Run the following test:

import torch
import ttnn
from tests.ttnn.utils_for_testing import assert_with_pcc
from models.utility_functions import torch_random
def test_mean_pcc_issue(device):
    torch.manual_seed(0)

    input_shape = (1, 12, 3200)
    reduce_dim = -1
    
    torch_input_tensor = torch.rand(input_shape, dtype=torch.float32)
    torch_output_tensor = torch.mean(torch_input_tensor, dim=reduce_dim, keepdim=True, dtype=torch.float32)

    input_tensor = ttnn.from_torch(torch_input_tensor, dtype=ttnn.float32, layout=ttnn.TILE_LAYOUT, device=device)
    
    output_tensor = ttnn.mean(input_tensor, dim=reduce_dim)
    output_tensor = ttnn.to_torch(output_tensor)
    
    assert_with_pcc(torch_output_tensor, output_tensor)

Expected behavior
The data mismatch between PyTorch and TTNN output should be resolved.

The text was updated successfully, but these errors were encountered:

sdjordjevicTT · 2024-10-25T15:51:25Z

@ntarafdar @sjameelTT can you please help me to find owners for this issue?

ntarafdar · 2024-10-29T16:16:35Z

hey @sdjordjevicTT asking around, its a reduction op who doesn't have an owner , will ask ttnn ppl and get back to you

ntarafdar · 2024-10-29T16:48:39Z

@sdjordjevicTT asked around and since there is no other owner for this, the TMs team will have to take this.
We cannot get to this until end of next week.

sdjordjevicTT · 2024-10-29T19:43:26Z

Thanks @ntarafdar for picking this up. Great, I believe that should work for us.

jvasilje · 2024-10-30T15:05:38Z

moving to a P1 issue. @sdjordjevicTT pls comment if you believe the P0 is justified.

sdjordjevicTT · 2024-10-30T15:57:25Z

@nvukobratTT can comment more about priority, but I think this issue blocks Llama 3B bring-up on the Forge side.

nvukobratTT · 2024-10-30T16:02:31Z

moving to a P1 issue. @sdjordjevicTT pls comment if you believe the P0 is justified.

Confirming what @sdjordjevicTT mentioned, this one is a blocker for the Open Llama 3B model.

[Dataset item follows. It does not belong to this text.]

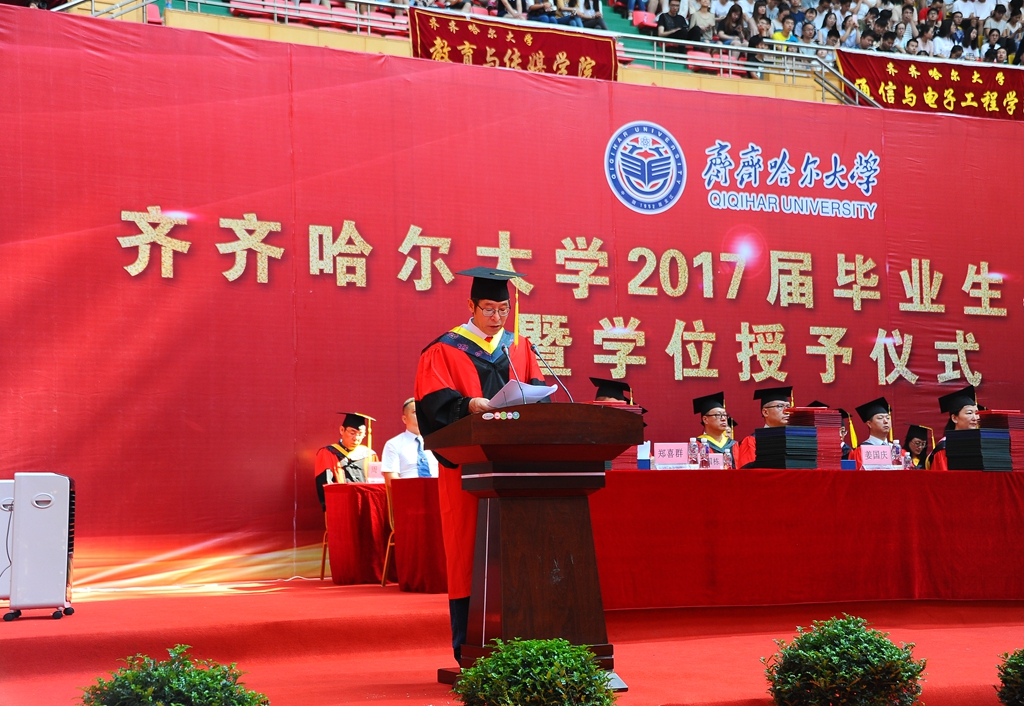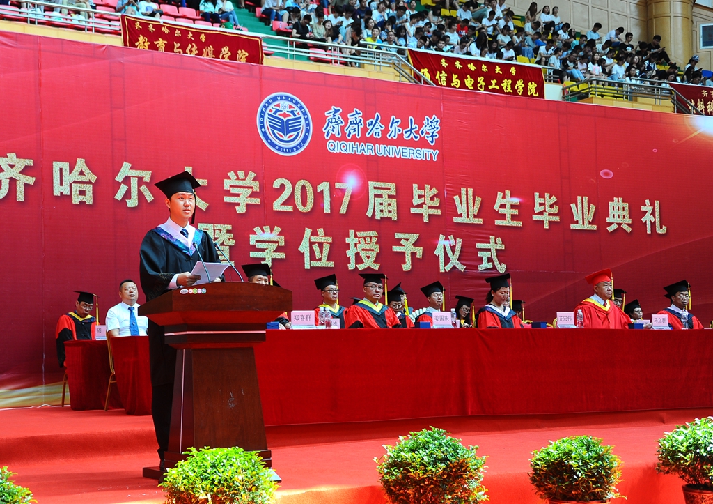 硕士毕业生代表、校研究生会主席、校优秀毕业研究生宋超同学在题为《做祖国和母校满意的好青年》的发言中表示,毕业是一段校园时光的终结,更是一段崭新征程的起点。曾经,在校园中的酸甜苦辣,在科研道路上的摸爬滚打,都将化成养正毓德,精存自生的朴实追求和恒心毅力。这些宝贵的精神财富将伴随我们在未来的人生道路上且歌且行。感恩母校,为我们提供了谱写青春之歌的宽广舞台,教会了我们面对未知人生的奋勇坚强;感恩恩师,以严谨的科研态度、一丝不苟的作风,言传身教,用亲切和宽容陪伴我们一路成长;感谢一起“并肩作战”的研究生同学们,美好的时光里我们互相勉励,灿烂的日子里我们相携前行。感谢大家的陪伴,也祝愿大家前程似锦!祝愿我们友谊长存!无论我们走到哪里,我们的根在齐大。让我们共同祝愿:可敬可爱的老师们桃李芬芳满天下,可歌可赞的齐大梦更加灿烂辉煌!

Additional details can be found on the MLIR issue as well:

ttnn.mean op - Tensor Mismatch tt-mlir#869

ntarafdar · 2024-11-05T16:00:30Z

Spoke to Jasmine, and @bbradelTT is for now taking over reductions. I'm reassigning this to him.

bbradelTT · 2024-11-05T16:57:01Z

I tried to find out if there's any point at which there's a big drop off. Seemed like it might be somewhere between 1200 and 1400, but the PCC value goes up and down a fair amount:

    #input_shape = (1, 12, 3200) # .72
    #input_shape = (1, 12, 1600) # .76
    #input_shape = (1, 12, 1400) # .78
    #input_shape = (1, 12, 1376) # .81
    #input_shape = (1, 12, 1363) # .93
    #input_shape = (1, 12, 1369) # .83
    #input_shape = (1, 12, 1368) # .85
    #input_shape = (1, 12, 1367) # .71
    #input_shape = (1, 12, 1366) # .96
    #input_shape = (1, 12, 1350) # .95
    #input_shape = (1, 12, 1344) # .87
    #input_shape = (1, 12, 1300) # .91
    #input_shape = (1, 12, 1200) # .93
    #input_shape = (1, 12, 800) # .92
    #input_shape = (1, 12, 320) # .99

sdjordjevicTT · 2024-11-13T10:59:57Z

Hi @bbradelTT do we have some updates regarding this missmatch problem?

bbradelTT · 2024-11-13T14:41:49Z

@sdjordjevicTT Unfortunately we need to overhaul reduce. I won't have concrete updates for a while.

nvukobratTT · 2024-11-13T16:13:00Z

@sdjordjevicTT Unfortunately we need to overhaul reduce. I won't have concrete updates for a while.

@bbradelTT thanks for the details. Can you clarify the following:

What are the core issues with reduced mean and related PCC issues?
- Having this info, we might be able to work around it until a fix is in place
Details around lowering the priority on this issue.
- From the current standpoint, this issue should be treated as P0 as it blocks one of the Forge core models, Llama.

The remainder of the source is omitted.